The first issue to consider is the ethics of experiments based on animals. No one obtains the creatures’ consent to become the objects of research. Also, they are deprived of freedom and are subjected to pain and suffering (“Cruelty to Animals). When putting experiments on animals, scientists may go further than depriving them of freedom. Frequently, researchers may develop a disease in an animal to try a method of curing it (“Cruelty to Animals”). Another drastic fact about laboratory work is the issue of such animals’ end of life. In his article, Cressey examines the ways of getting rid of laboratory animals (130). The very existence of a variety of such methods sounds abominable. Cressey does mention that there is a need for finding “humane” methods for killing lab animals (130). However, the information presented in his study presupposes that too many animals are killed, and this fact is highly unethical.

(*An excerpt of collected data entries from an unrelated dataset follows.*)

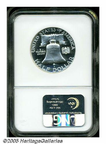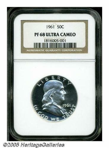 <B>1961<50C> PR68 Deep Cameo NGC.</B></I> The frosted devices on the reverse are particularly thick in comparison to the obverse devices, yet both the obverse and reverse show the contrast that is necessary for the designation. Population: 46 in 68 Ultra Cameo, 2 finer (6/05).
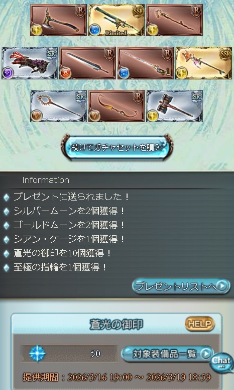 | … | 3026/03/16(月)18:50:09No.1411357749+>マクタンマカル自発したらマジで人っ子一人こない… >実装したばっかり+半額+ドロップUPでこれってヤバいんじゃ 今週始まったばかりで皆古戦場に向けて水AF掘りに切り替えただけよ |
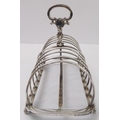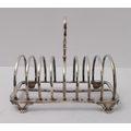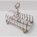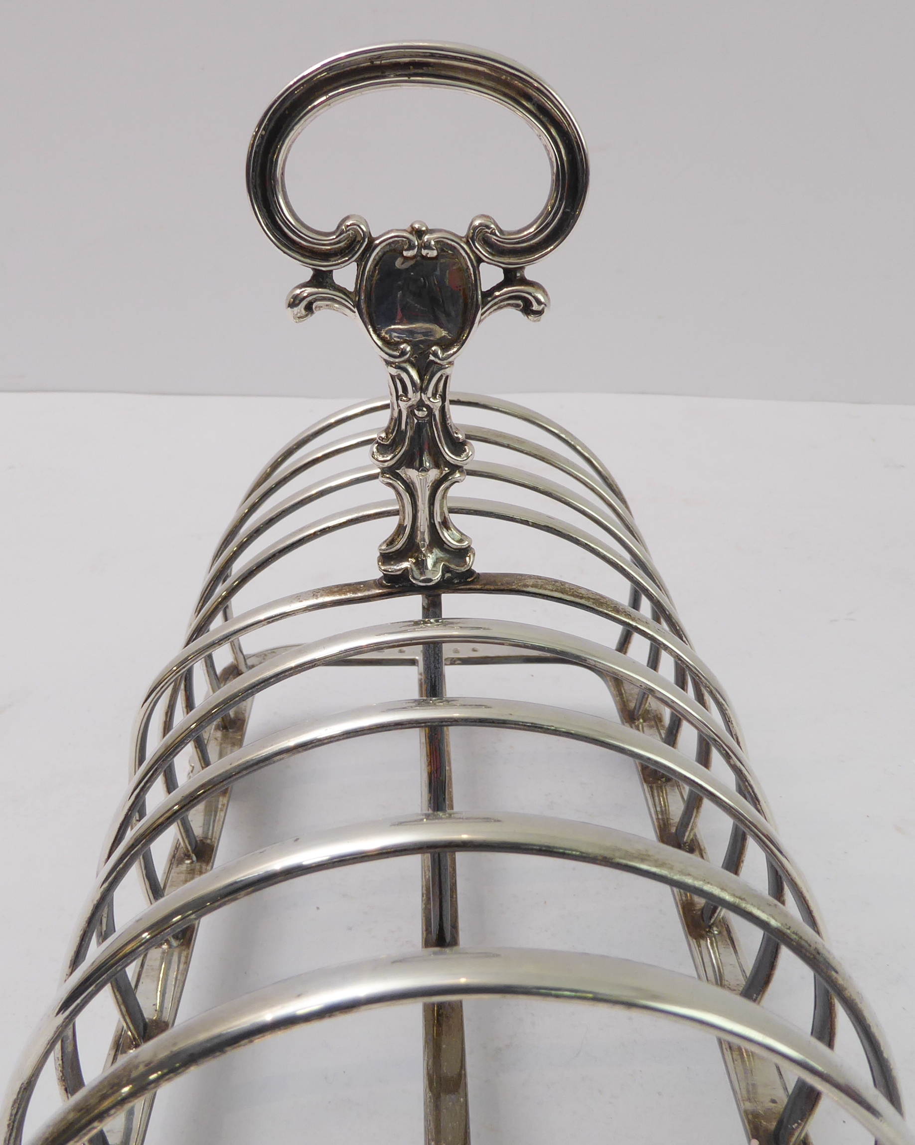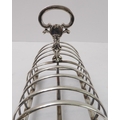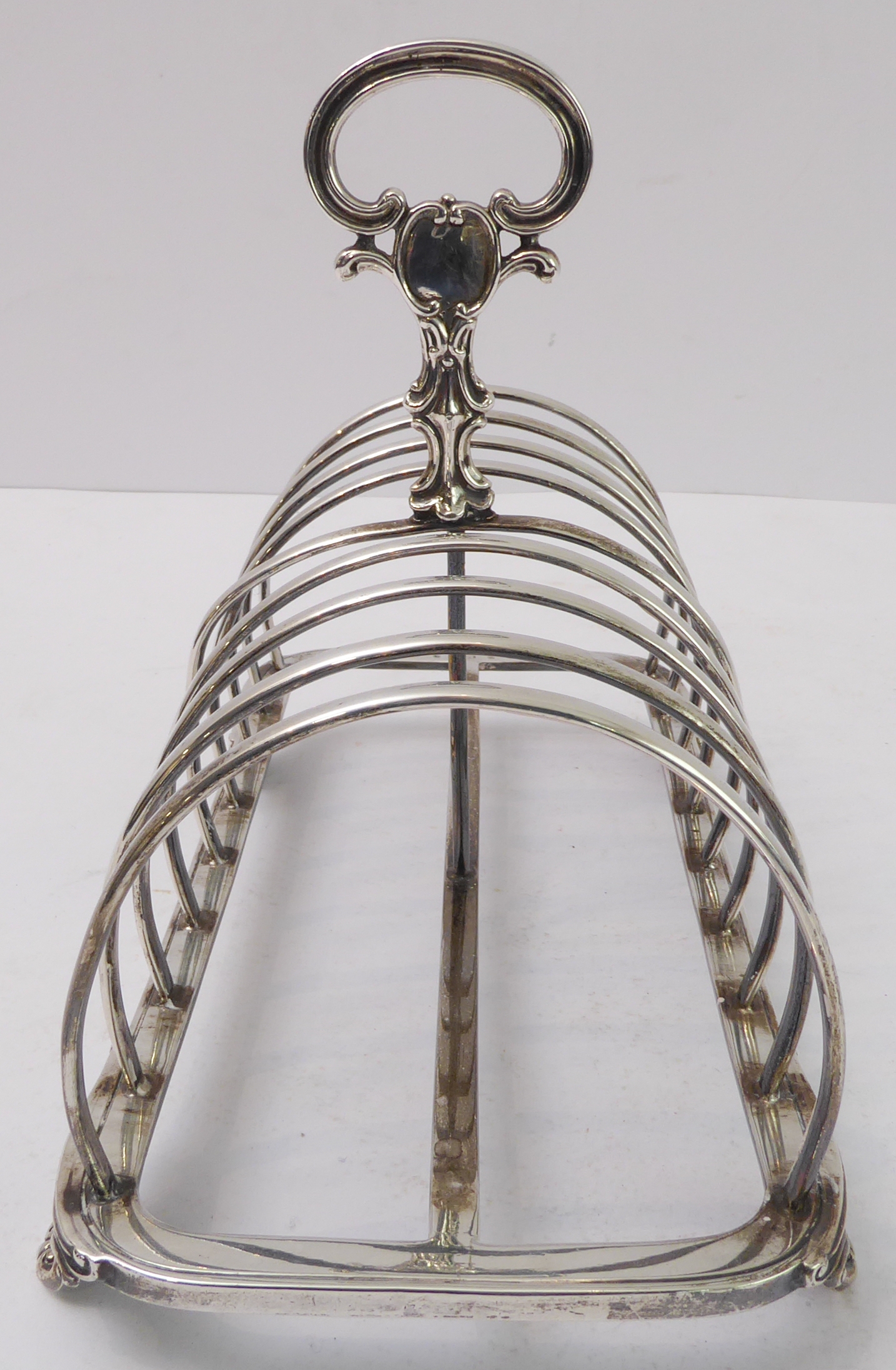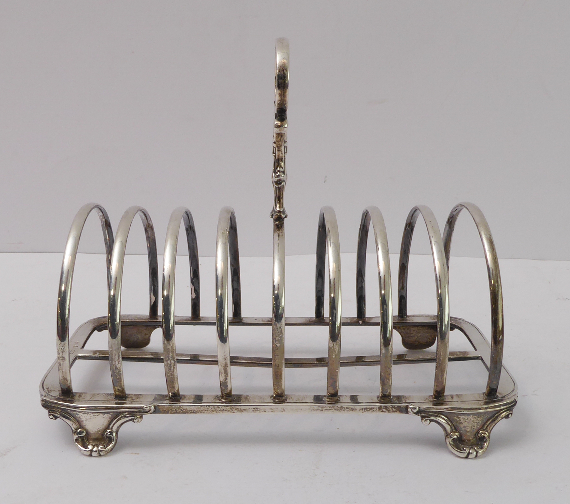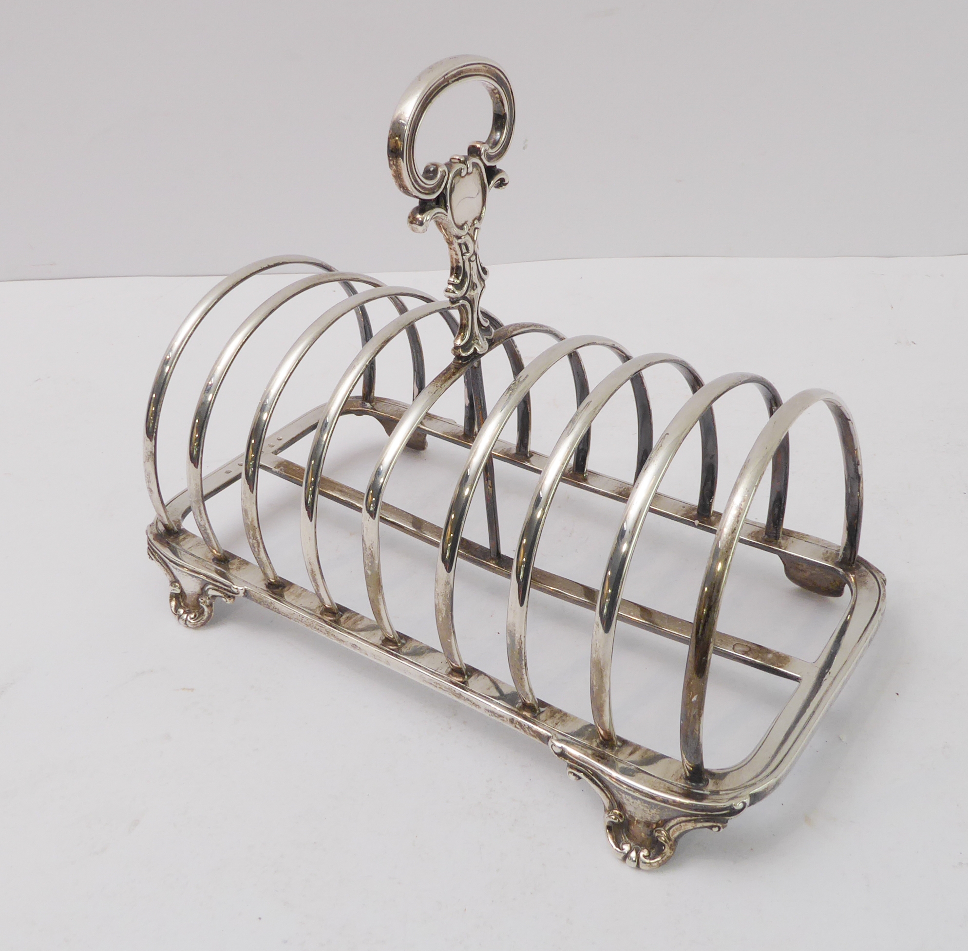 A large early Victorian hallmarked silver eight-division toast-rack: the cast scrolling handle with vacant cartouches above arches, four feet cast with C-scrolls. Edinburgh assay marks (probably 1844). (20 cm wide x 15.5 cm to tip of handle). (Approx. 453g).
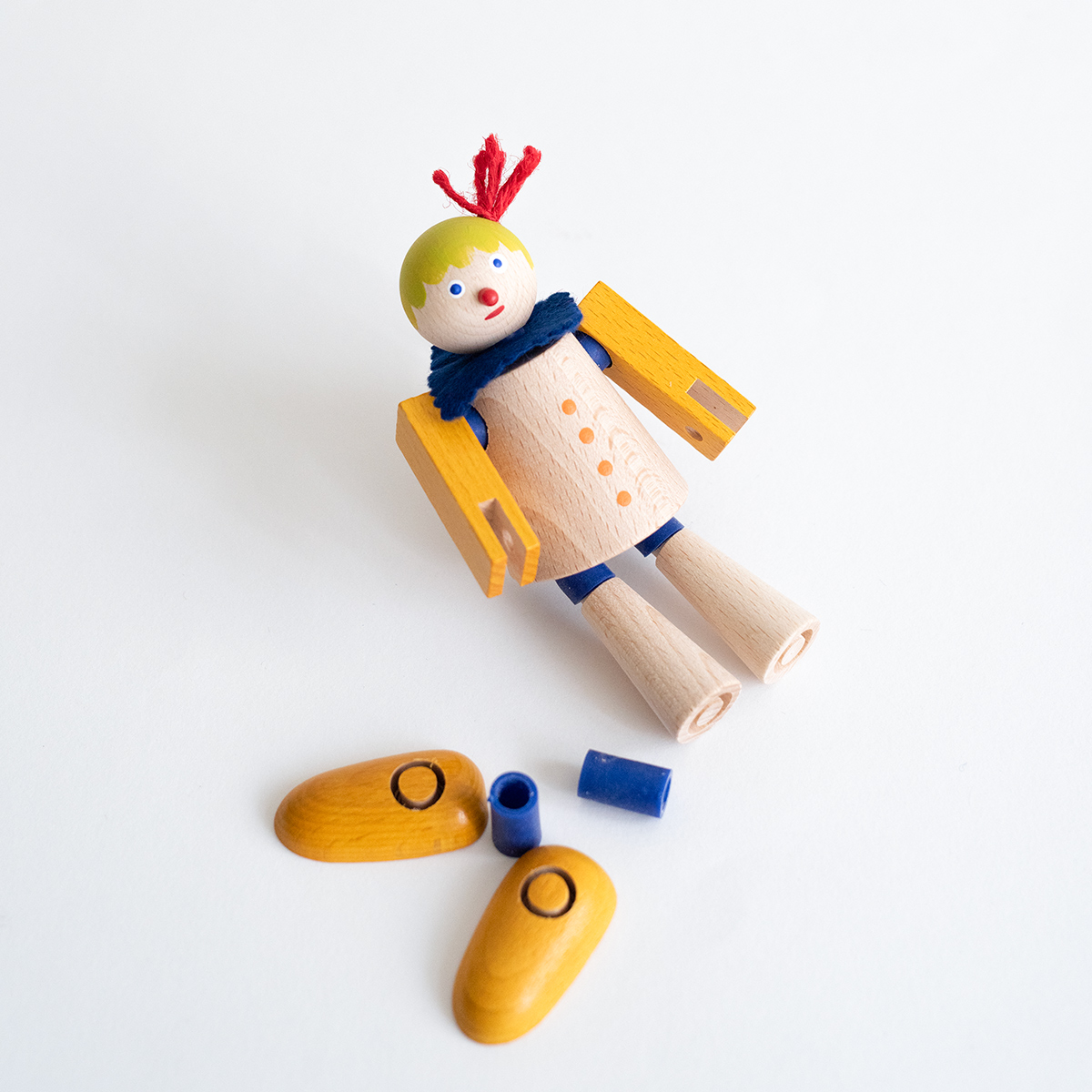 由食品安全塑膠製成的 Jummis 橡膠連接器(拔取時會發出 ㄅㄛ 的聲音),是 Kellner 積木中最重要的物件,可以將不同的木質部件可以靈活的相互組合。
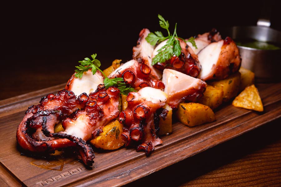 Grilled Octopus (¥138) served over home fries with a potent pesto sauce.
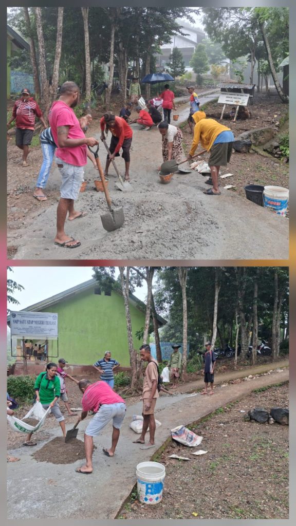 Dengan adanya perbaikan jalan ini, diharapkan wajah pusat pemerintahan desa menjadi lebih rapi dan representatif, sekaligus membangkitkan roda ekonomi warga sekitar yang sering melintasi jalur tersebut.// Contrao Reminggo//
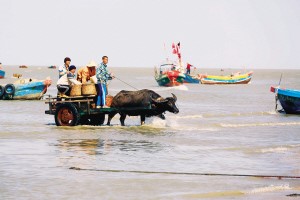 疍家漁民在海上用牛車運送漁獲漁具(2013年攝)。
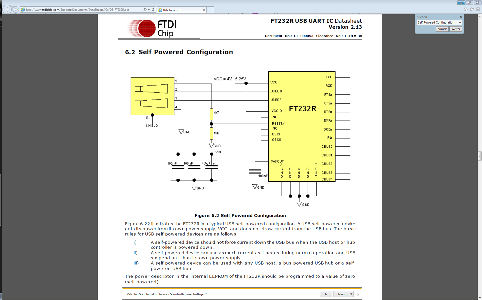 Rangi J. schrieb: > Was soll das denn nun wieder sein? Ich denke so langsam, es liegt an > meiner Schaltung, ich hab aber einfach die Schaltung im Datenblatt "USB > Self Powered Configuration" verwendet, mit einer Änderung: statt der 27 > Ohm habe ich 18 Ohm verwendet, weil ich die gerade da hatte. Ich kann da kein 25 Ohm in der Beispielschaltung von FTDI finden (siehe bild). Du versorgst deine elektronik also extern und nicht über USB mit Strom?
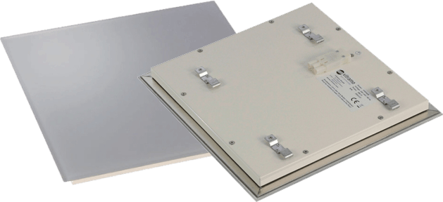 גוף החימום פועל בשיטה של אינפרא-רד בשילוב זכוכית חלבית וניתן להתקנה שקוע בתקרת גבס ו/או מותקן צמוד לכל תקרה (אין פליטת חום כלפי מעלה)
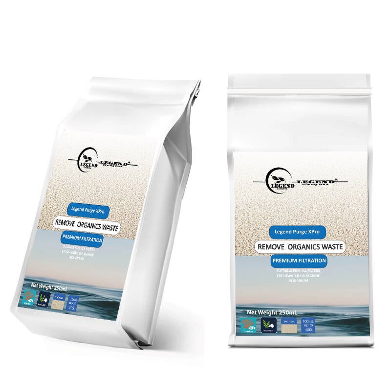 Purge XPro® is the highest capacity organic filtration resin on the market. No other products can compare to its ability to clear haziness and polish water to unparalleled clarity. Unlike other products on the market which are simple ion-exchange resins, Purge XPro® is specifically designed to be an organic scavenging resin. When ion-exchange resins are filled to capacity by metals and other contaminants, Purge XPro® has barely begun to reach its potential. Purge XPro® generally ignores simple elemental compounds, having an extreme affinity for nitrogenous organics. The primary source of nitrogenous compounds in an aquarium is waste. Fish, corals, even plants produce nitrogenous waste. Purge XPro® removes that waste faster and more completely than anything else on the market.
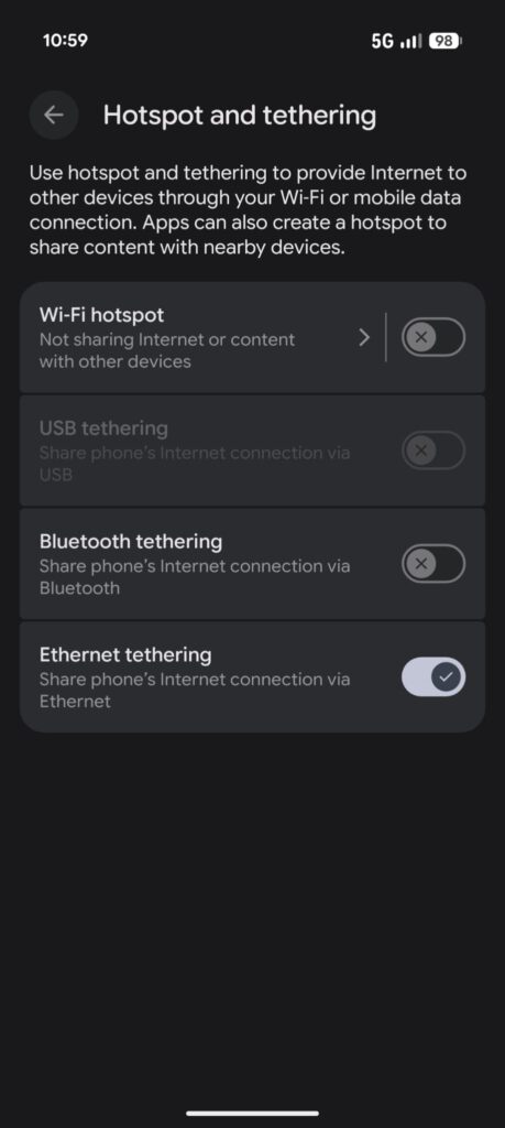 - Zet “Ethernet tethering” aan
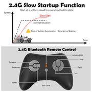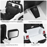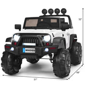 The 12V Kids Ride On Truck with RC Control, Spring Suspension, Light & Music, and Trunk in White is the perfect solution to keep your kids away from their addiction to video games. This toy car is a small version of a real luxury truck, providing an exciting and adventurous ride for your little ones. They can either sit on the car and drive it themselves or parents can take control with the 2.4G Bluetooth remote control. With its spacious seat, openable doors with magnetic lock, forward/reverse shifter, horn, and steering wheel, this ride-on truck offers a realistic and thrilling driving experience. The slow startup design ensures a gradual acceleration and reliable braking, providing the best protection for your child. The shockproof wheels and multi-point safety belt further enhance the safety features of this rc ride on truck. But the fun doesn't stop there! This ride-on truck is equipped with an AUX input, USB port, and TF card slot, allowing your child to connect external devices and enjoy their favorite music while riding. They can also press a button to switch and listen to various songs and stories, doubling their enjoyment. The 12V Kids Ride On Truck with RC Control, Spring Suspension, Light & Music, and Trunk in White is not only fun but also built to last. It features a sturdy PP material and metal frame, ensuring its durability. The luxury appearance, bright LED lights, and horn sound will surely attract your baby's attention. With its 4 explosion-proof wheels and spring suspension, this ride-on truck is designed for long-time use. It also has a trunk where your child can store their toys, snacks, and other belongings. The retractable handle makes it easy to move and transport, adding convenience for parents. The doors of this ride-on truck have a magnetic lock and can be opened, adding more fun and convenience for your child. The one-button start design provides enough convenience for your child to operate the truck easily. Specifications: Color: White Material: PP + Iron Overall Dimensions: 49" x 31" x 32" (L x W x H) Net Weight: 48 lbs Weight Capacity: 66 lbs Speed: 3-6 km/h Charge Time: 8-12 hours Battery: 12V 7 AH Recommended for Ages: 3-7 years old Package Includes: 1 x Kids Ride On Car 1 x 2.4G Bluetooth Remote Control 1 x Charger 1 x MP3 Cable 1 x Instruction With the 12V Kids Ride On Truck with RC Control, Spring Suspension, Light & Music, and Trunk in White, your child will have endless hours of fun and adventure. Get them off the screens and let them explore the world in their very own ride-on truck!

The second major argument against using animals in research is that such studies tend to lead to financial losses because they are frequently ineffective. Scholars confess that the rate of positive findings of animal-based experiments is not as high as expected. Therefore, such studies cannot be considered as the most advantageous approach to finding ways of dealing with medical issues. Another proof of this argument is that there are not enough systematic reviews on animal-based studies, which leads to the unnecessary repetition of some experiments (Van Luijk et al. 256). According to Van Luijk et al., systematic reviews could prevent scientists from performing similar studies and thus eliminate the unnecessary pain and harm caused to animals (256). Without resolving the issue of wasted resources, animal-based experiments cannot be regarded as a useful contribution to research.

Probably the only positive thing about using animals in labs is that such experiments may bring benefits for people who suffer from incurable diseases. Due to a number of similarities between human and animal organisms, it is a common belief that the treatment approaches checked on animals will be useful for people. However, research indicates that this opinion is not completely true. Pound and Bracken remark that animal-based experiments have many limitations (g3387). Firstly, such research does not have the appropriate level of quality. Secondly, the validity of these experiments is not sufficient (Pound and Bracken g3387). Thus, it is not possible to justify animal-based research by its merit for humans.


Taking into consideration these arguments, it should be forbidden to use animals in experiments for research purposes. The use of animals is unethical, immoral, and not justified from the point of view of scientific value. The main arguments against animal-based studies are that they cause too much harm to animals and usually do not lead to significant benefits for humans. Thus, scientists should work on the development of less cruel and more efficient methods of research.

Works Cited

Cressey, Daniel. “Best Way to Kill Lab Animals Sought.” Nature, vol. 500, no. 7461, 2013, pp. 130-131.

PETA, n.d., Web.

Pound, Pandora, and Michael B. Bracken. “Is Animal Research Sufficiently Evidence Based to Be a Cornerstone of Biomedical Research?” BMJ, vol. 348, no. may30-1, 2014, pp. g3387-g3387.

Van Luijk, Judith, et al. “Towards Evidence-Based Translational Research: The Pros and Cons of Conducting Systematic Reviews of Animal Studies.” ALTEX-Alternatives to Animal Experimentation, vol. 30, no. 2, 2013, pp. 256-257.